=== INPUT FOR THIS TASK ===
......

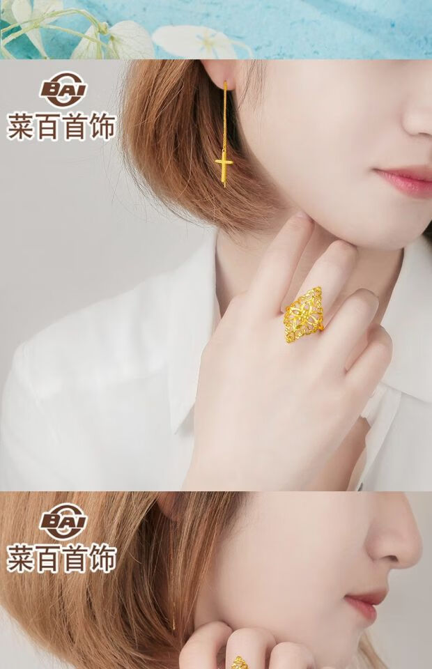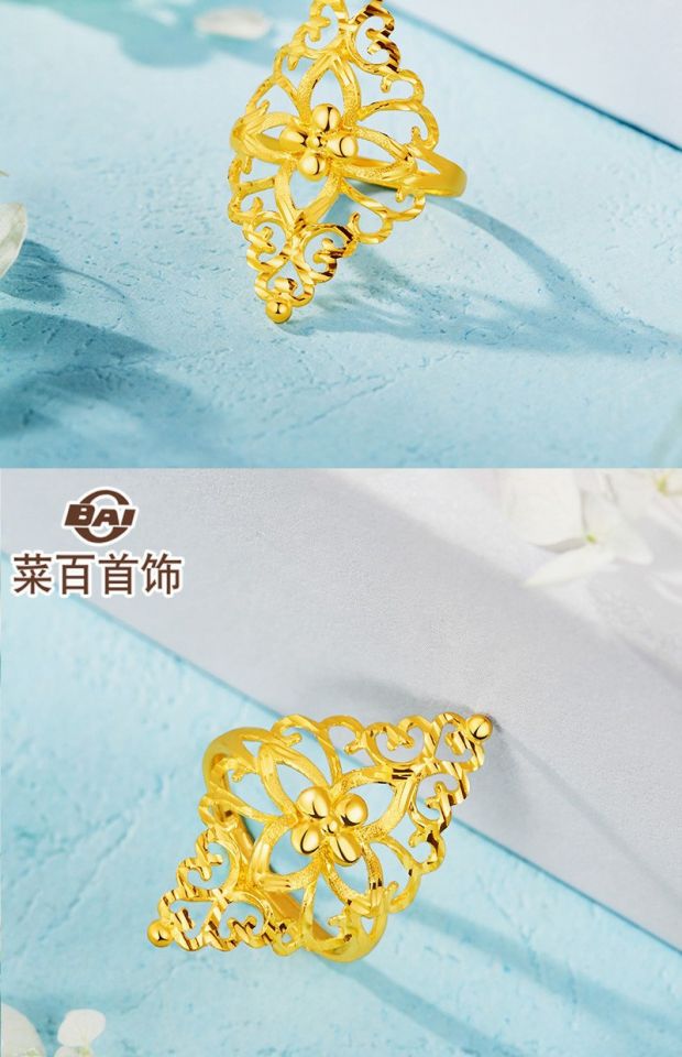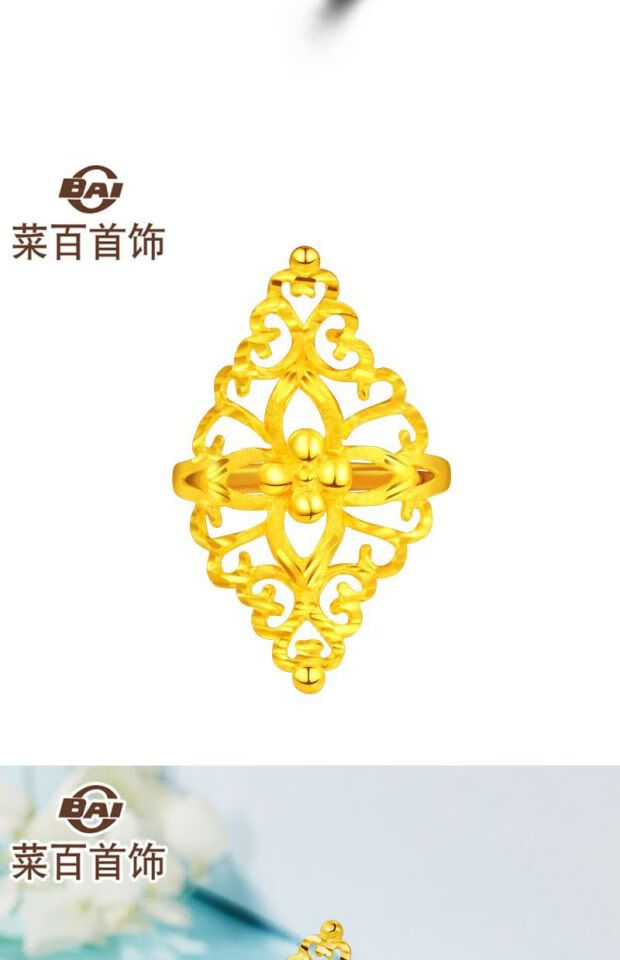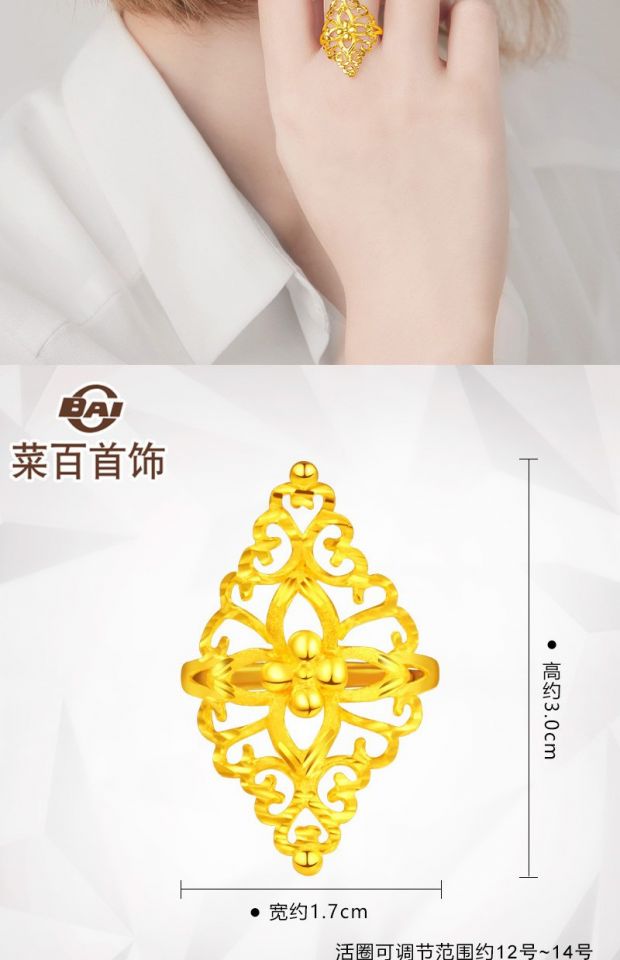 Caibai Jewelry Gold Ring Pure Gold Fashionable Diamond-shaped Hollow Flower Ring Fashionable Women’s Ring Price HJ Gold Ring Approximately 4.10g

......

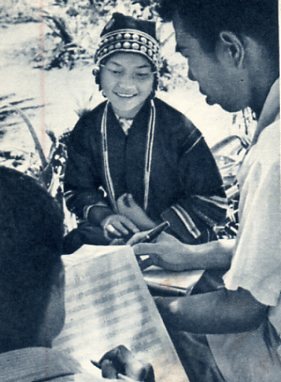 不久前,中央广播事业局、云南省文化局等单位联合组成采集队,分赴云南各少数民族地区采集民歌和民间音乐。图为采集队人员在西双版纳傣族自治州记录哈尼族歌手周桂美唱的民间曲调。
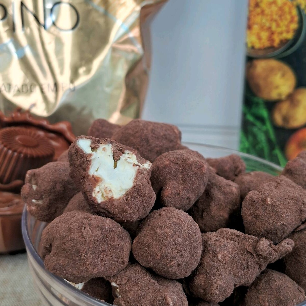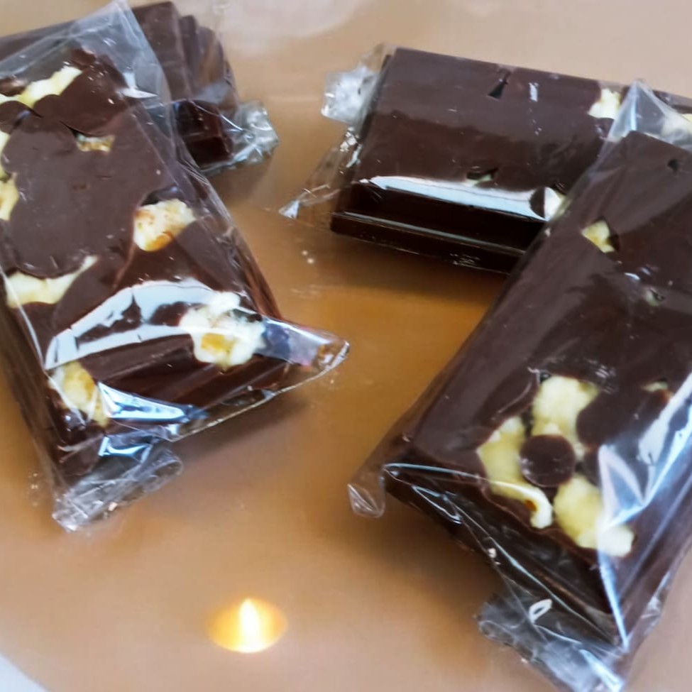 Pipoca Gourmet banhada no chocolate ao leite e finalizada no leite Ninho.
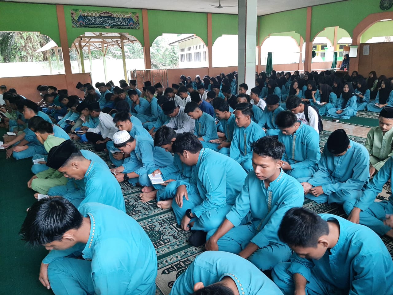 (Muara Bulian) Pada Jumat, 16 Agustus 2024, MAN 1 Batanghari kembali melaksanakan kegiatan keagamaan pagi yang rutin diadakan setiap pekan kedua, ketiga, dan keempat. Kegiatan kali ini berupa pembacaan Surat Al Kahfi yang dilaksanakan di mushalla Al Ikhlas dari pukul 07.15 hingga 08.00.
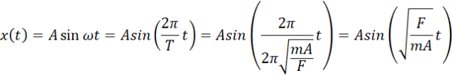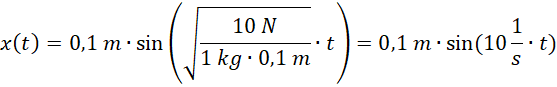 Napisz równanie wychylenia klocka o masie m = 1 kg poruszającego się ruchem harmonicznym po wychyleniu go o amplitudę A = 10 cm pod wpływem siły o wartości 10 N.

......

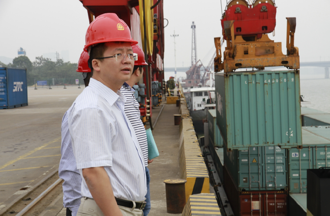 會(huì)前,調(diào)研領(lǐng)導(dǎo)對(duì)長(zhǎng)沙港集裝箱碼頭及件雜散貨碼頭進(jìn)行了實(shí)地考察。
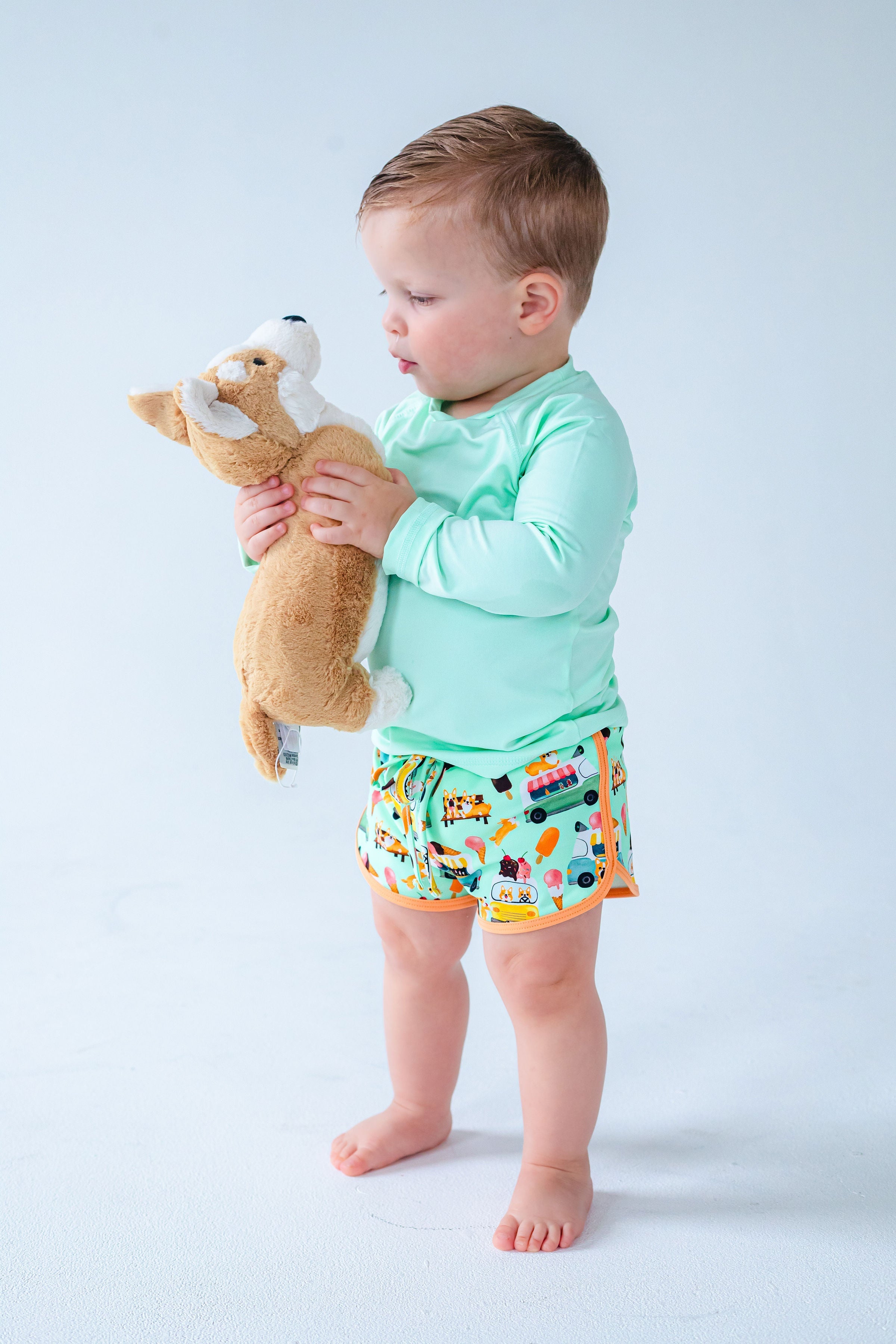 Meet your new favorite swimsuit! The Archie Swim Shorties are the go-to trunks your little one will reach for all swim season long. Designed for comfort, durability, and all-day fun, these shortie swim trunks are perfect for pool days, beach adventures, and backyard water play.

......

=== PROBLEM REQUIREMENTS ===
Within the listing above, the lines starting at the one containing "不久前,中央广播事业局、云南" and ending at the one containing "Pipoca Gourmet banhada" are to be returned exactly. Omit the pictures.

=== WRITTEN RESPONSE ===
 不久前,中央广播事业局、云南省文化局等单位联合组成采集队,分赴云南各少数民族地区采集民歌和民间音乐。图为采集队人员在西双版纳傣族自治州记录哈尼族歌手周桂美唱的民间曲调。
 Pipoca Gourmet banhada no chocolate ao leite e finalizada no leite Ninho.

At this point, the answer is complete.